__What you will do__:
Write the data out again exactly, dropping any images it holds.

__Collected data__:
=-=-=

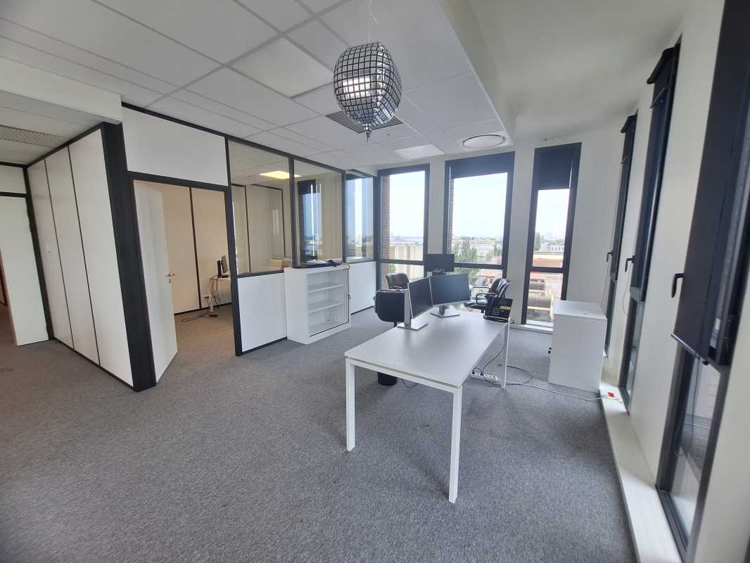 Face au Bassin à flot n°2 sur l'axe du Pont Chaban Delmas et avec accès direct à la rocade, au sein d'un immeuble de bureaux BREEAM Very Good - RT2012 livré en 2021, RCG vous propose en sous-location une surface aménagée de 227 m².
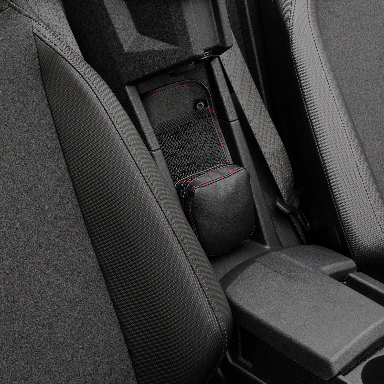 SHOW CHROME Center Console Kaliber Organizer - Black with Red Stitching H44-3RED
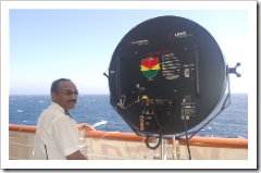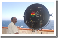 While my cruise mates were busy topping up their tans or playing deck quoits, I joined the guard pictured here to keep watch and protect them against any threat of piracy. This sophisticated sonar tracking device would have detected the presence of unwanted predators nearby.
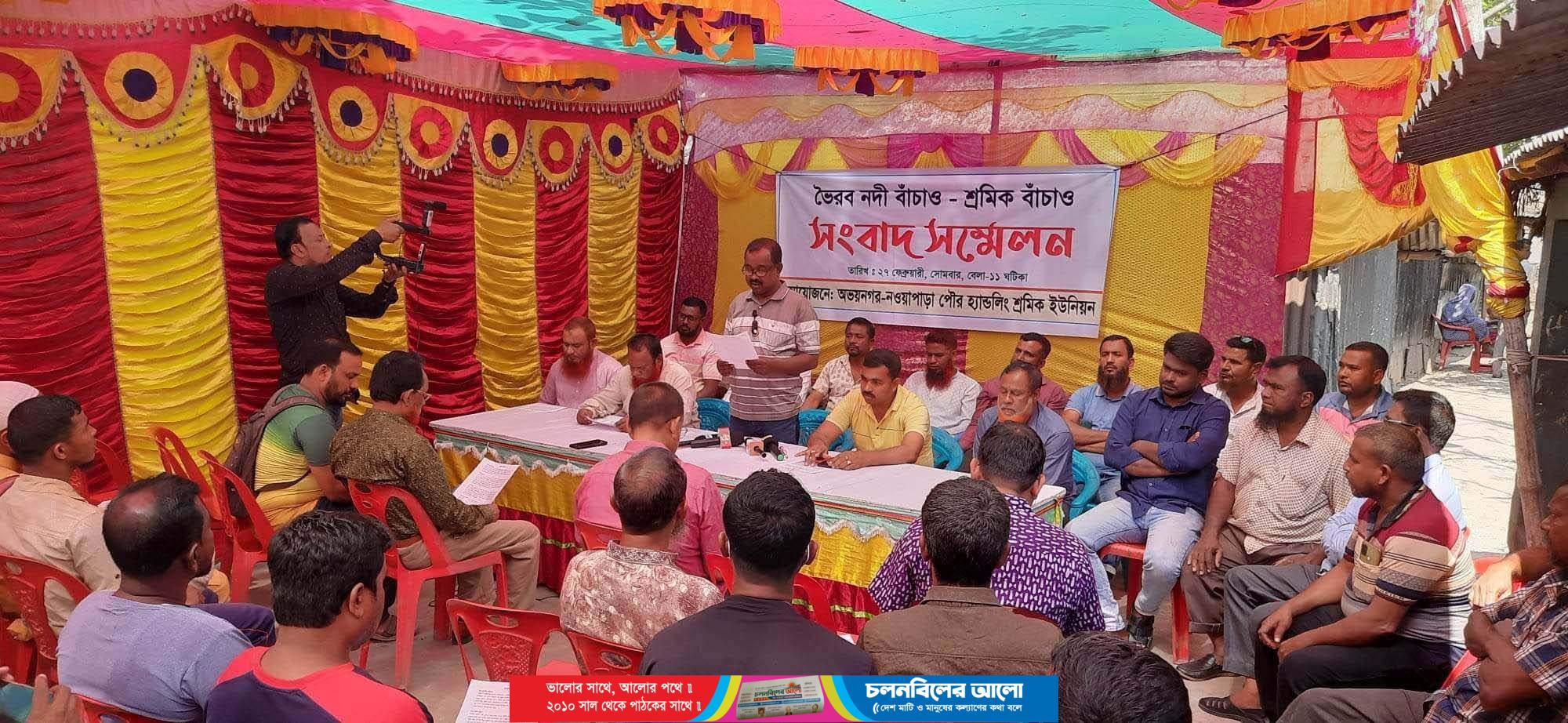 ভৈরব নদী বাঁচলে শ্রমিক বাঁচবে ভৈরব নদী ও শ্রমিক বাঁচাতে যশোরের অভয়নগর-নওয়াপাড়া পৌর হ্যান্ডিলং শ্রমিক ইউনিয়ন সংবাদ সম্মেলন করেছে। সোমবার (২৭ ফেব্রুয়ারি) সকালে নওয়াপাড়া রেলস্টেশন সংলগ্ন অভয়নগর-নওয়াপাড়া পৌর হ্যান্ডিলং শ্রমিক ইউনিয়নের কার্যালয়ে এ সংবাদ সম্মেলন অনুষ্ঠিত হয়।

=-=-=

__Finished exercise__:
 Face au Bassin à flot n°2 sur l'axe du Pont Chaban Delmas et avec accès direct à la rocade, au sein d'un immeuble de bureaux BREEAM Very Good - RT2012 livré en 2021, RCG vous propose en sous-location une surface aménagée de 227 m².
 SHOW CHROME Center Console Kaliber Organizer - Black with Red Stitching H44-3RED
 While my cruise mates were busy topping up their tans or playing deck quoits, I joined the guard pictured here to keep watch and protect them against any threat of piracy. This sophisticated sonar tracking device would have detected the presence of unwanted predators nearby.
 ভৈরব নদী বাঁচলে শ্রমিক বাঁচবে ভৈরব নদী ও শ্রমিক বাঁচাতে যশোরের অভয়নগর-নওয়াপাড়া পৌর হ্যান্ডিলং শ্রমিক ইউনিয়ন সংবাদ সম্মেলন করেছে। সোমবার (২৭ ফেব্রুয়ারি) সকালে নওয়াপাড়া রেলস্টেশন সংলগ্ন অভয়নগর-নওয়াপাড়া পৌর হ্যান্ডিলং শ্রমিক ইউনিয়নের কার্যালয়ে এ সংবাদ সম্মেলন অনুষ্ঠিত হয়।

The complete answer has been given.